Try it: Would you transcribe the entries below, beginning at the line with "9月26日下午,广州城建职业" and ending after the line with "Moje Hammarberg is an", exactly, with no picture and nothing more?

Source information:
=== Section Start ===

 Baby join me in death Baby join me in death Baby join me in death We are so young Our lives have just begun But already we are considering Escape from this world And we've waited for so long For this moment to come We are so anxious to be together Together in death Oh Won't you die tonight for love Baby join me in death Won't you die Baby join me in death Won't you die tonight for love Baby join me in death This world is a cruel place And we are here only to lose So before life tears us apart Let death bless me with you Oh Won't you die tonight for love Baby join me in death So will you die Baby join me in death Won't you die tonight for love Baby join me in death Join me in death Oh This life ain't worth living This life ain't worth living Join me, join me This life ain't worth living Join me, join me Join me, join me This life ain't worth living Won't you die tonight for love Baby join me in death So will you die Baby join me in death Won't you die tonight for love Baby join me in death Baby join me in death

=== Section End ===
=== Section Start ===

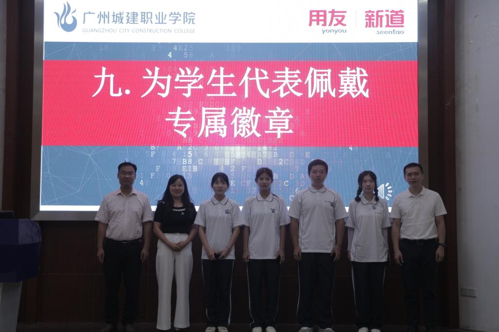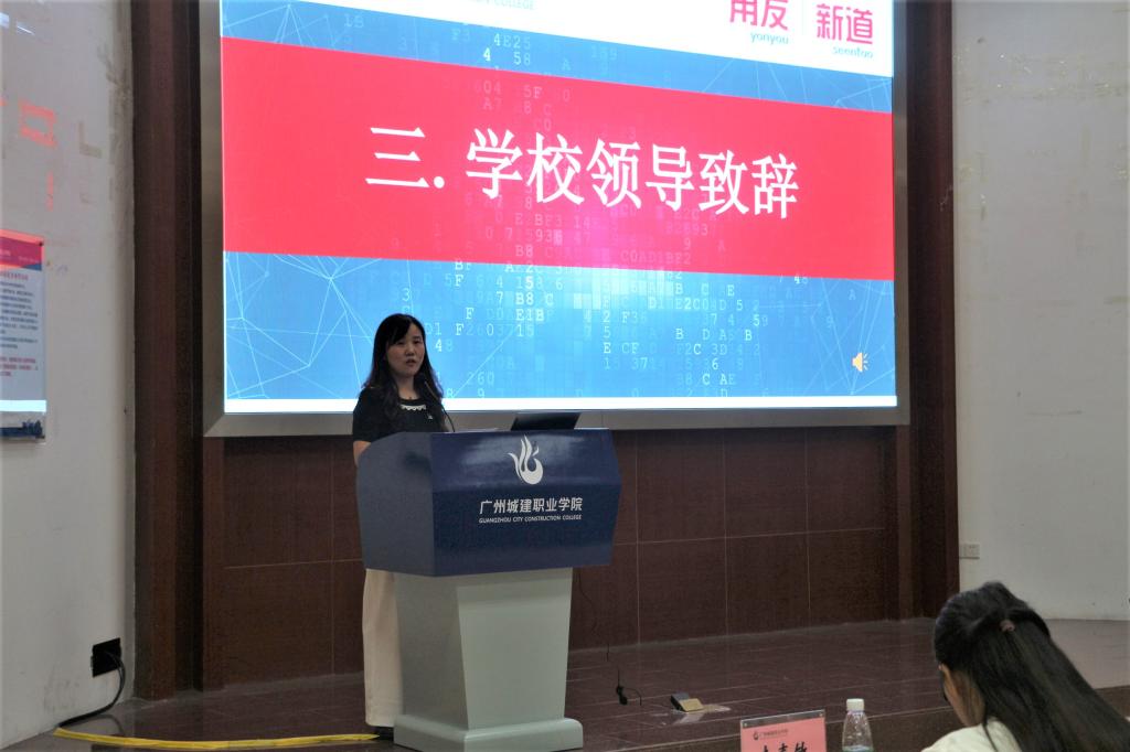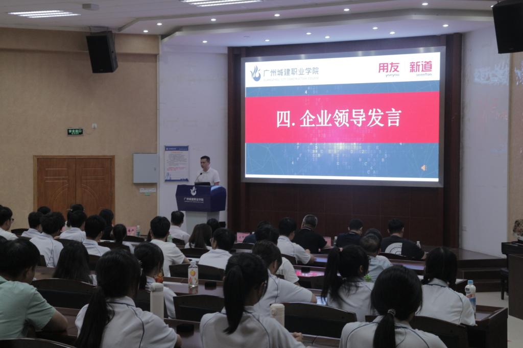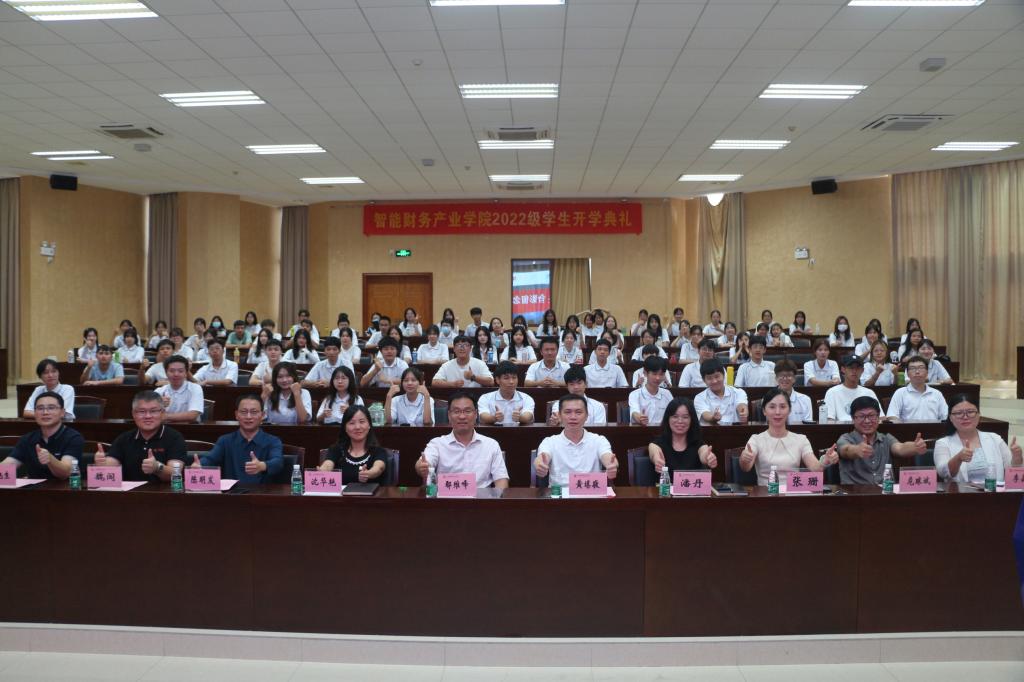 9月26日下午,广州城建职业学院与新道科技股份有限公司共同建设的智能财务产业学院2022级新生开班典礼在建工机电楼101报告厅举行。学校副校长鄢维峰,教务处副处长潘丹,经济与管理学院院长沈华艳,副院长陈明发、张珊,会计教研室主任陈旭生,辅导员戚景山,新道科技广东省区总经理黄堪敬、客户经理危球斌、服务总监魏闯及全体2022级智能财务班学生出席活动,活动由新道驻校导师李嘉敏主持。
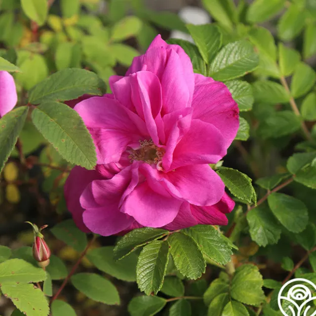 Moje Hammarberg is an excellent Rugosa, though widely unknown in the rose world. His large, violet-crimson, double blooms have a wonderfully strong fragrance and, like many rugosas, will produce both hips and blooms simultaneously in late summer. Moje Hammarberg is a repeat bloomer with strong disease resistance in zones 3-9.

=== Section End ===
=== Section Start ===

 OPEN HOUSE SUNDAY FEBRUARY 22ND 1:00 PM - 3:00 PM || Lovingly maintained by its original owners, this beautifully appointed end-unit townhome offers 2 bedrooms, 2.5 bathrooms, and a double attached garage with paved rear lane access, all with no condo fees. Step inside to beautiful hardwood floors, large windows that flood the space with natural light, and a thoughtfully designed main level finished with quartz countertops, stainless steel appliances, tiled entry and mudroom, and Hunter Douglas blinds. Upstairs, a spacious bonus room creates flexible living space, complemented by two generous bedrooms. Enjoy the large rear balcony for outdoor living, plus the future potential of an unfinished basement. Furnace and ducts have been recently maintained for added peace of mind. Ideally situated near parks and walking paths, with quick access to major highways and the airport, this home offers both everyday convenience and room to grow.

=== Section End ===

Solution:
 9月26日下午,广州城建职业学院与新道科技股份有限公司共同建设的智能财务产业学院2022级新生开班典礼在建工机电楼101报告厅举行。学校副校长鄢维峰,教务处副处长潘丹,经济与管理学院院长沈华艳,副院长陈明发、张珊,会计教研室主任陈旭生,辅导员戚景山,新道科技广东省区总经理黄堪敬、客户经理危球斌、服务总监魏闯及全体2022级智能财务班学生出席活动,活动由新道驻校导师李嘉敏主持。
 Moje Hammarberg is an excellent Rugosa, though widely unknown in the rose world. His large, violet-crimson, double blooms have a wonderfully strong fragrance and, like many rugosas, will produce both hips and blooms simultaneously in late summer. Moje Hammarberg is a repeat bloomer with strong disease resistance in zones 3-9.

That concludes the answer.